4. Jail Superintendent Central Jail Durg District Durg
Chhattisgarh.
Respondents
For Petitioners : Shri Ravindra Sharma, Adv.
For State : Shri Gurudev I Sharan, G.A.
Hon'ble Smt. Justice Rajani Dubey, J.
CAV Order
Heard.
1. The present petition has been filed under article
226 of the Constitution of India challenging the order
dated 17.08.2020 passed by Respondent No.1/State of
Chhattisgarh Through Home Department Mahanadi Bhawan,
New Raipur, District Raipur (C.G.) whereby the
application for remission of sentence imposed on the
petitioner filed by the petitioner has been rejected.
2. Brief facts of the case are that the petitioners
along with other coaccused person have been convicted
for the offence punishable under Sections 147, 148 &
302 R/s Section 149 of the IPC for RI for 1 year, 2
years and Life imprisonment with fine of Rs. 500/
respectively plus default stipulation vide judgment
dated 07.06.2003 in Sessions Case No. 45/2002. Against
that conviction petitioners and coaccused persons had
preferred criminal appeal registered as CRA No.
719/2003 before this Court wherein this Court has
partly allowed the appeal, acquitted the coaccused
Shiva Rao and Chitti Rao and maintained the sentence
imposed upon the present petitioners and coaccused
Mohan Rao. The petitioners are in jail since
16.11.2001 and they have completed about 20 years of
jail sentence except the remission period i.e. about 6
years. Hence, this petition for remission of jail
sentence of the petitioners.
3. Shri Ravindra Sharma, learned counsel appearing
for the petitioners would submit that the impugned
order dated 17.08.2020 is arbitrary, illegal and
against the law as the same has been rejected only on
the basis of the recommendation of the Presiding Judge
who had convicted the petitioners. The respondent
authorities while rejecting the application of the
petitioners did not call any report from the concerned
Welfare Officer of the Jail regrading the behavior of
the petitioners and impact of their release on the
society. As the application was rejected without
assigning any reason, therefore, the impugned order is
liable to be setaside. In support of his argument,
learned counsel for the petitioners placed reliance in
the matters of Karan Singh Vs. State of MP passed in
2021 LawSuit (MP) 321 Rajan Vs. Home Secretary, Home
Department Tamilnadu AIR 2019 SC 2101, this Court's
order in Pardeshi Ram Vs. State of Chhattisgarh in
WPCR No. 88/2018 and Union of India vs. V. Shriharan
Alias Murugan & Others (2016) AIR 2016 SC (Supp.) 739.

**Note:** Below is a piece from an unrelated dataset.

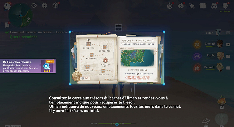 Vous devez parler Ulman en rejoignant l’endroit indiqué sur votre carte. Il vous remettra la Fée chercheuse pour vous aider à trouver les trésors.
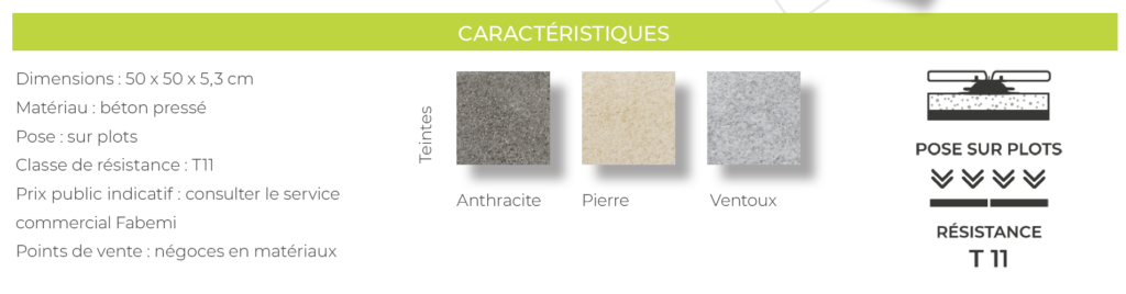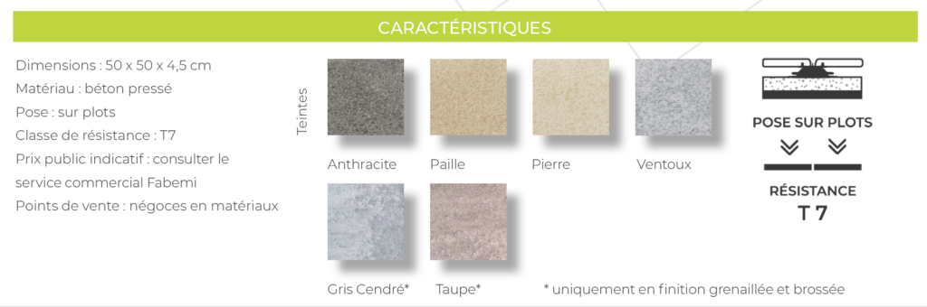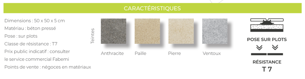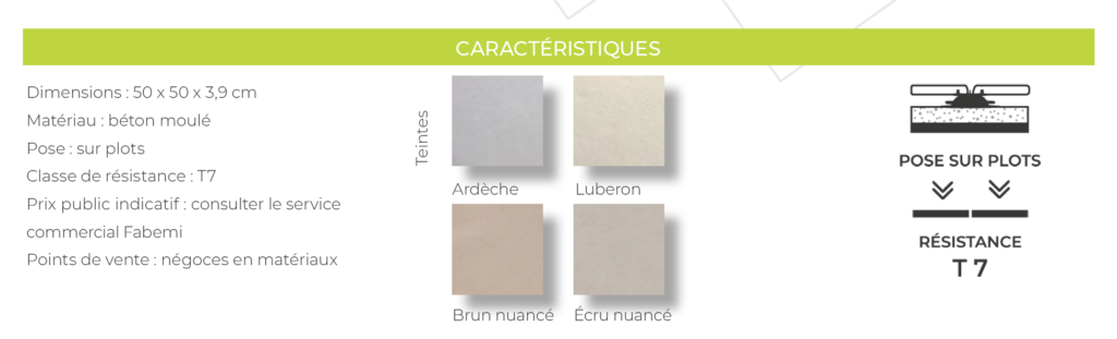 Conçues pour répondre aux besoins spécifiques des étancheurs, les dalles en béton à poser sur plots Fabemi se distinguent par leur simplicité de mise en œuvre et leur capacité à garantir une protection durable des surfaces, tout en restant démontables. Proposées dans une large palette de coloris, ces dalles sont disponibles en classe de résistance T7 (usage privé) ou T11 (réalisations publiques ou collectives), ce qui les rend compatibles avec tout type de projet, en neuf comme en rénovation.

4. Shri Gurudev I Sharan, learned Government
Advocate appearing for the State/Respondents has
supported the impugned order and submits that looking
to the gravity of the offence which the petitioners
have committed and undergoing sentence, the Presiding
Judge who has convicted the petitioners, did not
recommend for the remission of jail sentence,
therefore, his application has rightly been rejected
by the competent authority. Petitioners have no vested
right to be granted remission and remission of balance
sentence cannot be claimed as a matter of right.
5. Heard counsel for the parties and perused the
material available on record.
6. Section 432 of Cr.P.C. states as under:
"432. Power to suspend or remit sentences. (1) When any person has been sentenced to punishment for an offence, the appropriate Government may, at any lime, without conditions or upon any conditions which the person sentenced accepts, suspend the execution of his sentence or remit the whole or any part of the punishment to which he has been sentenced.
(2) Whenever an application is made to the appropriate Government for the suspension or remission of a sentence, the appropriate Government may require the presiding Judge of the Court before or by which the conviction was had or confirmed, to state his opinion as to whether the application should be granted or refused, together with his reasons for such opinion and also to forward with the statement of such opinion a certified copy of the record of the trial or of such record thereof as exists.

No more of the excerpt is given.